Antimalarial drug resistance
Antimalarial drug resistance is not new. In the 1970s and 1980s, Plasmodium falciparum
– the parasite species responsible for the most common and most deadly form of malaria – developed widespread resistance to previous antimalarial medicines, such as chloroquine and sulfadoxine-pyrimethamine (SP).
Artemisinin based combination therapies or ACTs
, introduced in the 1990s, are the most effective drugs we have ever had to treat malaria. Artemisinin, taken from the sweet wormwood plant (Artemisia annua), is used in combination with other anti-malarial drugs. Although artemisinin usually kills all malaria parasites, the use of a combination of drugs – as opposed to one – helps ensure that any parasites that remain will be killed by the other drug before the resistant parasites can spread.
In Southeast Asia, however, some malaria parasites have developed resistance to artemisinin-based drugs. Resistance can be identified when there is a significant delay in the time it takes to clear malaria parasites from infected patients, indicating the declining efficacy of the drug. Artemisinin resistance was first reported along the Thailand-Cambodia border in 2008 and has continued to spread in the region. It has been identified in four countries to date: Cambodia, Myanmar, Thailand and Vietnam.
Since there are no equally effective alternative drugs to treat malaria, the spread of artemisinin resistance through Asia to Africa and beyond could be a catastrophic setback to global efforts to control and eliminate the disease. Infection and mortality rates could dramatically increase in both regions, reversing the progress made towards controlling the disease.
Understanding the challenge
There are many factors that are thought to have contributed to the emergence and spread of artemisinin resistance in the Greater Mekong sub-region of Southeast Asia.

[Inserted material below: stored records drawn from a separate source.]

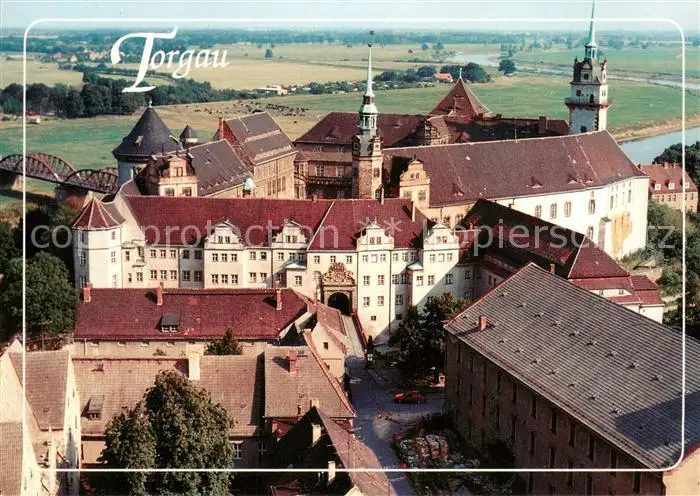 AK / Ansichtskarte Torgau Blick von Stadtkirche St. Marien Elbaue Schloss Hartenfels Torgau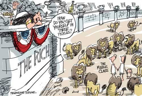 One of the strong sentiments of commentators for the last 100 years is that American democracy is supported by the existence of a strong middle class that feels itself appropriately served by the status quo. Not necessarily the economically richest, but not so far below that that they still feel an ownership stake in the country and not so worried about losing that status that they are overcome by fear. As I suggested in my last post, for democracy to be sustained, a substantial portion of the population must be committed to the idea of democracy. I don’t believe that group can maintain crucial mass unless there is a large middle class and some practical limits on the severity of class divergence.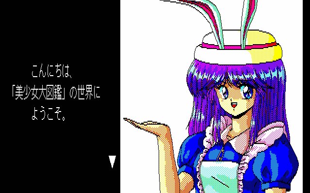 PC98のゲームは二次元の美少女ゲームばかりで、正直うんざりしてしまう。萌絵が多過ぎて狂気すら感じる。下手糞な絵が多い。画像の絵は、髪の横幅大き過ぎて気持ち悪いw 80年代~90年代に少子化を加速させた原因だな。彼女や結婚相手が出来ないから、二次元の美少女に逃避するのは間違っている。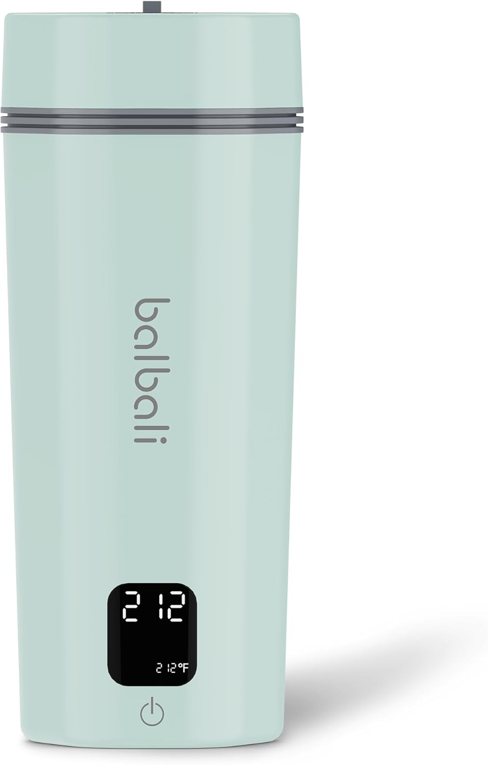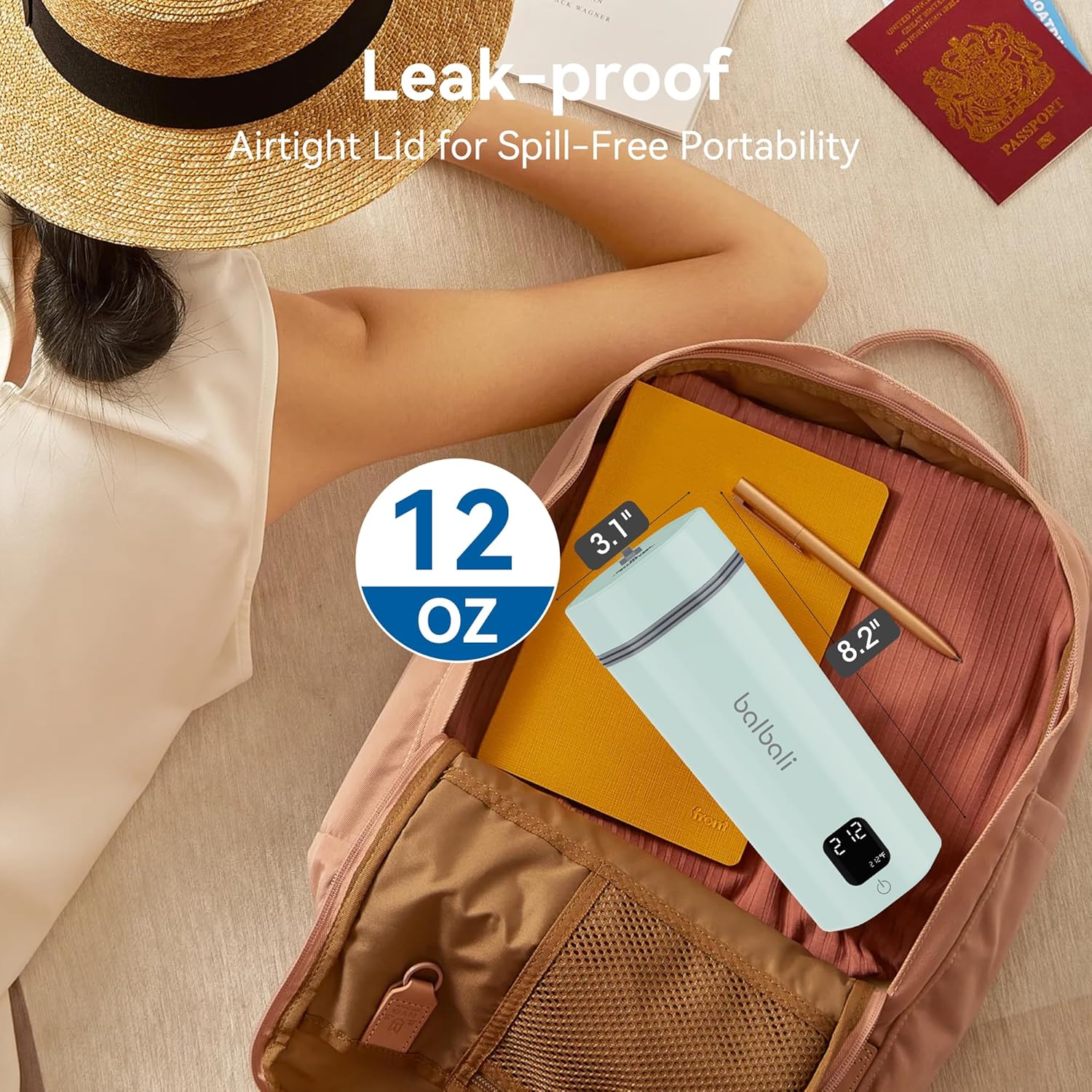 balbali Portable Tea Kettle for Travel 100-240V Dual Voltage - 6 Preset Electric Portable Water Heater for Boiling - Self Heating Cup/Thermos - 12oz Hot Water Boiler/Heater/Warmer - Green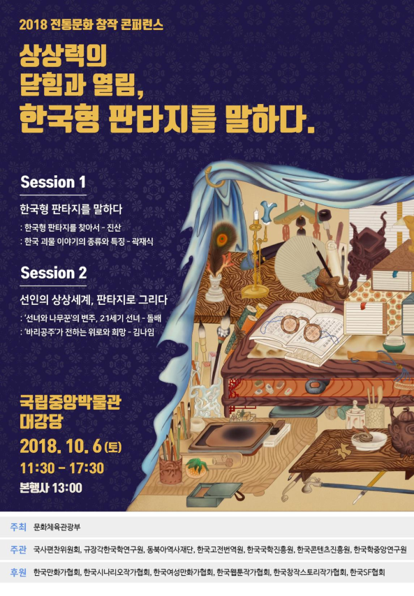 올해 학술대회에서는 전통문화 창작소재를 보유하고 있는 한국국학진흥원 등, 국내 7개 기관(한국국학진흥원, 국사편찬위원회, 규장각한국학연구소, 동북아역사재단, 한국고전번역원, 한국학중앙연구원, 한국콘텐츠진흥원)들과 창작자, 문화콘텐츠 관계자들이 참여한 가운데, 한국적 판타지 요소를 깊이 있게 이해하고, 선인들의 상상세계를 한국형 판타지 콘텐츠로 가공하고 확장할 수 있는지 그 가능성을 모색한다.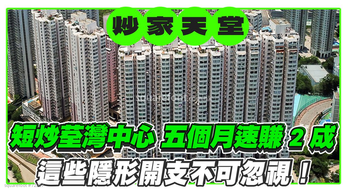 近期楼市回暖,短炒获利个案增多,账面升值幅度可观,惟可能涉及不少隐形开支。以上述荃湾中心个案为例,炒家的开支包括物业印花税100元、买卖律师费约10,000元、及一买一卖的经纪佣金各1%,约6.05万元。假设该炒家实力不俗,是以现金形式一炮过买楼,则杂费开支约为100+10,000+60,500=7,0600元,实际获利约48万元。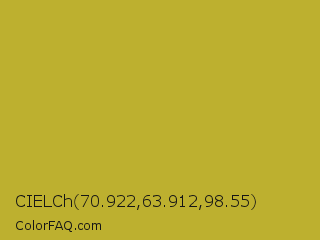 CIELCh 70.922,63.912,98.55 Color is a normal yellow color and the nearest color is Hokey Pokey #c8a528. Hex code #bdb02f and RGB value is rgb(189,176,47). In RGB color space, this color is composed of 74% red, 69% green, 18% blue, In CMYK color space, this color is composed of 0% cyan, 7% magenta, 75% yellow , 26% black , In HSL color space, this color has a hue angle of 55° , 60% saturation and 46% lightness.

One important factor is thought to be the use of oral artemisinins alone – as a monotherapy – in place of WHO-recommended Artemisinin combination therapy or ACTs. Failure to complete treatment with artemisinin monotherapy can leave the patient with malaria parasites in their blood, which can then be transmitted by mosquitoes to other people. Other contributing factors are the use of substandard and counterfeit anti-malarial drugs and the difficulty of controlling malaria within migrant populations.
Selection pressure - genetic mutations of wild-type genes in the parasite render them insusceptible to antimalarial drug treatment – is also thought to be important. The use of antimalarial drugs in patients with parasites containing mutations can eliminate susceptible parasites, but leave resistant mutants to survive and reproduce.

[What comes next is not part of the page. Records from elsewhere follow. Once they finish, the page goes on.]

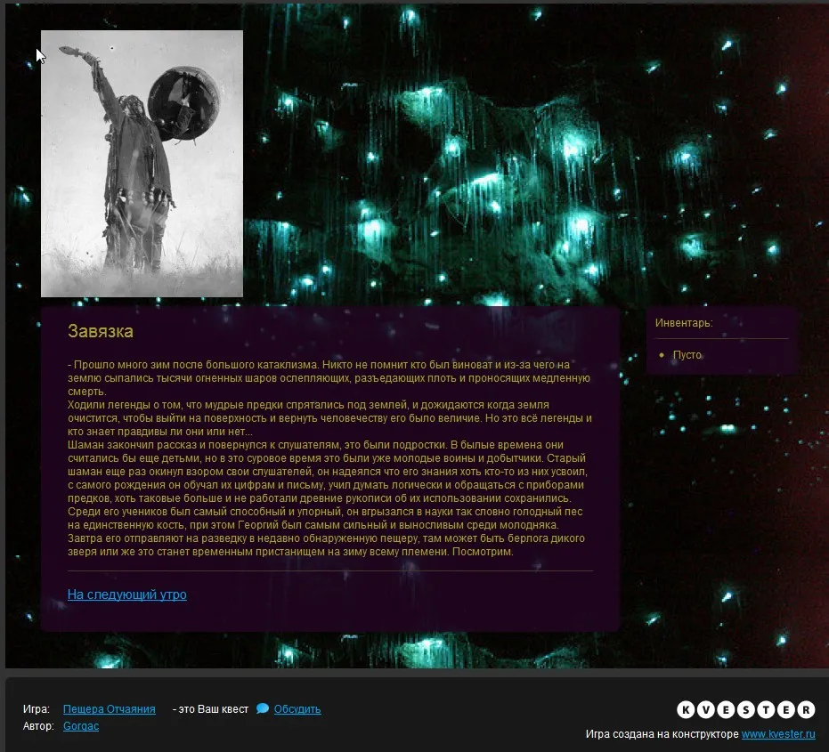 На проекте я недавно, но с самого первого дня заразилась идеей создания сложного и большого квеста.. Хочется что бы человек сел за игру в свободное время и посвятил ей полчаса как минимум и при этом ни капельки не разочаровался в потраченном времени, чтобы хотел переиграть в нее еще несколько раз дабы увидеть новые концовки, изменить свое поведение в игре и посмотреть как это повлияет на сюжет. Наверное, мне гораздо интереснее большие проекты, но на них уходит и больше времени.. На данный момент в разработке находятся три квеста над которыми я работаю и еще вагон и маленькая тележка задумок и планов на будущее =) Ну а теперь подробнее: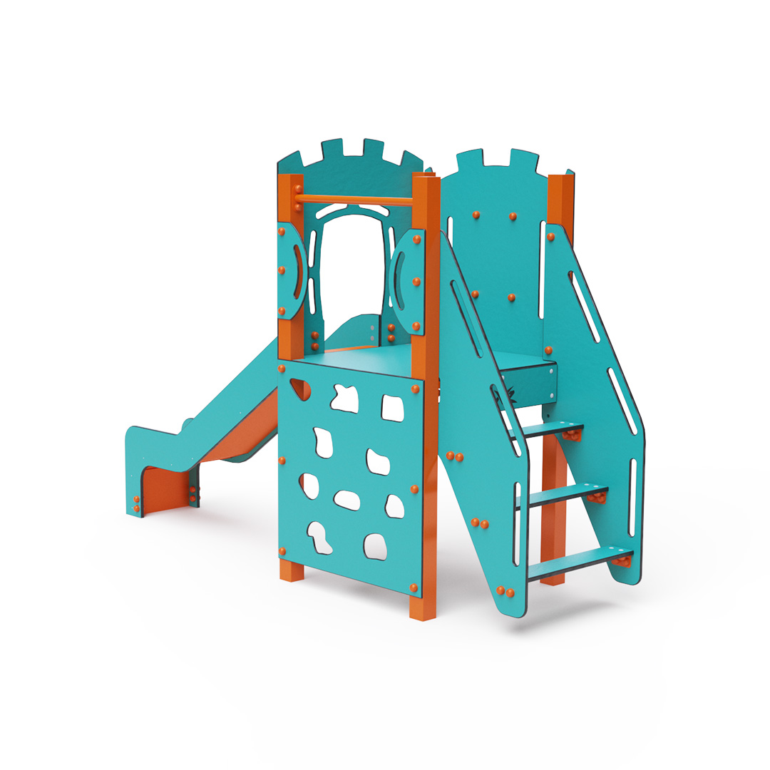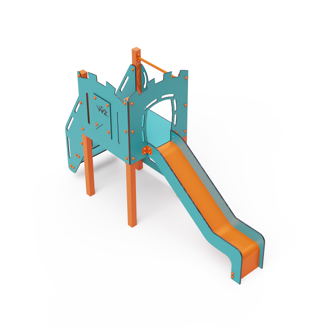 Az egytornyú játszóvár tartó szerkezete horganyzott és porszórt acélból, padlója, függőleges mászófala, lépcsője és a mellvédek HPL jelölésű magas nyomású laminált kompaktlemezből, csúszdája pedig HDPE műanyag és HPL kompaktlemez kombinációjából készül. A magas nyomású HPL lemez törhetetlen, nem mérgező, újrahasznosítható, továbbá vegyszer- és UV álló. A HDPE jelölésű, nagy sűrűségű polietilén lapokat főként magas szilárdságuk, szívósságuk és nedvességállóságuk jellemzik. Minden kötőelem rozsdamentes acélból készül és a fokozott tartósság és biztonság érdekében műanyag kupakkal van lezárva. A használt anyagoknak köszönhetően az eszköz minimális karbantartást igényel! A játékeszközt úgy terveztük, hogy a hosszú élettartam mellett a maximális biztonságot is garantálja!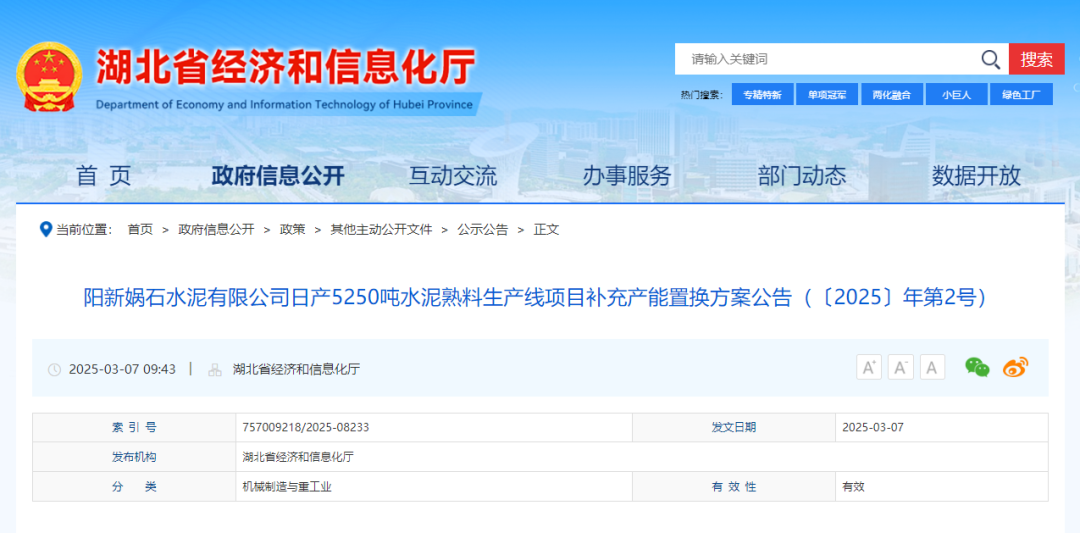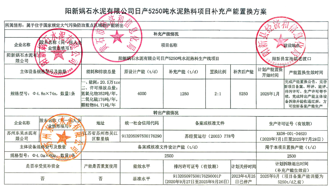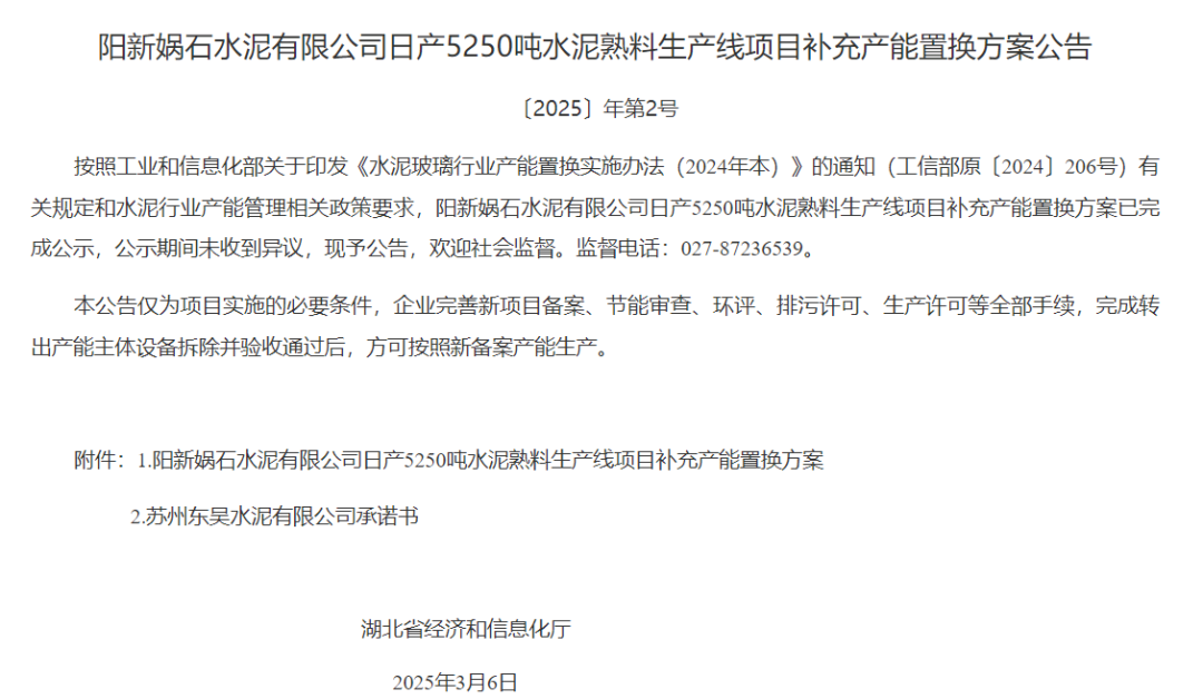 同期,湖北省經(jīng)信廳發(fā)布陽新媧石水泥有限公司日產(chǎn)5250噸水泥熟料生產(chǎn)線項目補充產(chǎn)能置換方案公告稱,按照工業(yè)和信息化部關于印發(fā)《水泥玻璃行業(yè)產(chǎn)能置換實施辦法(2024年本)》的通知(工信部原〔2024〕206號)有關規(guī)定和水泥行業(yè)產(chǎn)能管理相關政策要求,陽新媧石水泥有限公司日產(chǎn)5250噸水泥熟料生產(chǎn)線項目補充產(chǎn)能置換方案已完成公示,公示期間未收到異議,現(xiàn)予公告,歡迎社會監(jiān)督。

Containing antimalarial drug resistance in southeast Asia – and preventing the spread of resistance through Asia to Africa and beyond – is a global public health priority. The WHO Global Action Plan for Artemisinin Resistance Containment
(GPARC) was published in 2011, and outlines comprehensive recommendations for the containment of drug resistance.
Continuous monitoring of drug resistance in malaria-endemic countries along with research into the various contributing factors will enable health authorities and practitioners to more effectively prevent drug resistance from spreading.

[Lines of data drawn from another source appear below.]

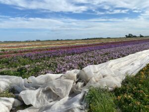 Dat er onkruid groeit is natuurlijk vanzelfsprekend, maar deze nemen wel de ruimte in van de freesia knol. Hierdoor kan de groei van deze knol belemmerd worden, en dat is natuurlijk niet de bedoeling. Deze onkruiden kunnen bestreden worden met chemische middelen, maar als er een alternatief is, zullen wij dit zeker doen, zoals vanochtend. Aan het einde van de dag zijn de percelen weer mooi opgeschoond en verdwijnen de freesia bloemen weer onder doek. Dit doek is een bescherming tegen luis en deze teelt is puur voor de knollen, en wordt verder niets met de bloemen gedaan.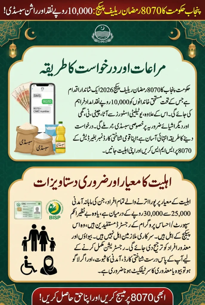 8070 Ramzan Relief Package 2026 is a government initiative to provide financial assistance and essential food to low-income families during the holy month of Ramadan. Beneficiaries can receive subsidies on staple goods such as flour, sugar, and cooking oil through registered utility stores.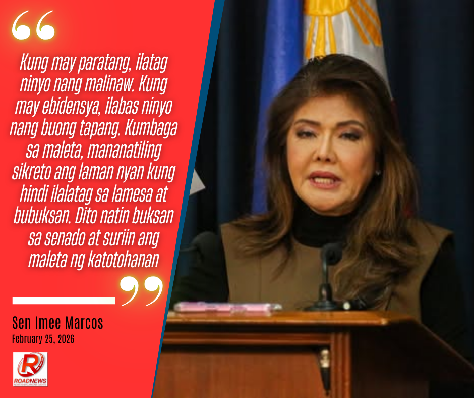 “Kung may paratang, ilatag ninyo nang malinaw. Kung may ebidensya, ilabas ninyo nang buong tapang. Kumbaga sa maleta, mananatiling sikreto ang laman nyan kung hindi ilalatag sa lamesa at bubuksan. Dito natin buksan sa senado at suriin ang maleta ng katotohanan,” ayon kay Imee Marcos.
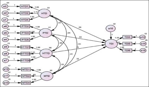 Note: HTD3, HTD5, PTD1, PTD4, HTTD2, HTTD4, MTD3, MTD5, TDI1, TDI2 and TDI3 were excluded after exploratory factor analysis (EFA) due to factor loadings below 0.5.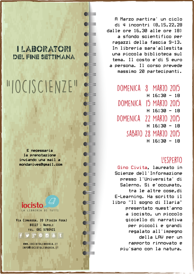 A iocisto #lalibreriaditutti la scienza è divertente! Via Cimarosa 20 (Piazza Fuga) La domenica, per ragazzi della fascia 9-13, si articolerà in 4 incontri: l’8, il 15, il 22 e il 28 marzo dalle 16,30 alle 17,45. In libreria sarà allestita una piccola biblioteca sul tema. Il costo è di 5 euro a persona.

A major focus of resistance containment activities is in ceasing the use of artemisinin-based monotherapies. In Southeast Asia, where there is relatively low transmission of malaria, containment programmes aim to accelerate the elimination of P. falciparum parasites. Elimination of the parasites would be the ideal way to stop the spread of resistance entirely. In areas where there is high malaria transmission, decreasing the risk of a spread of resistance is possible through an increase in malaria control efforts.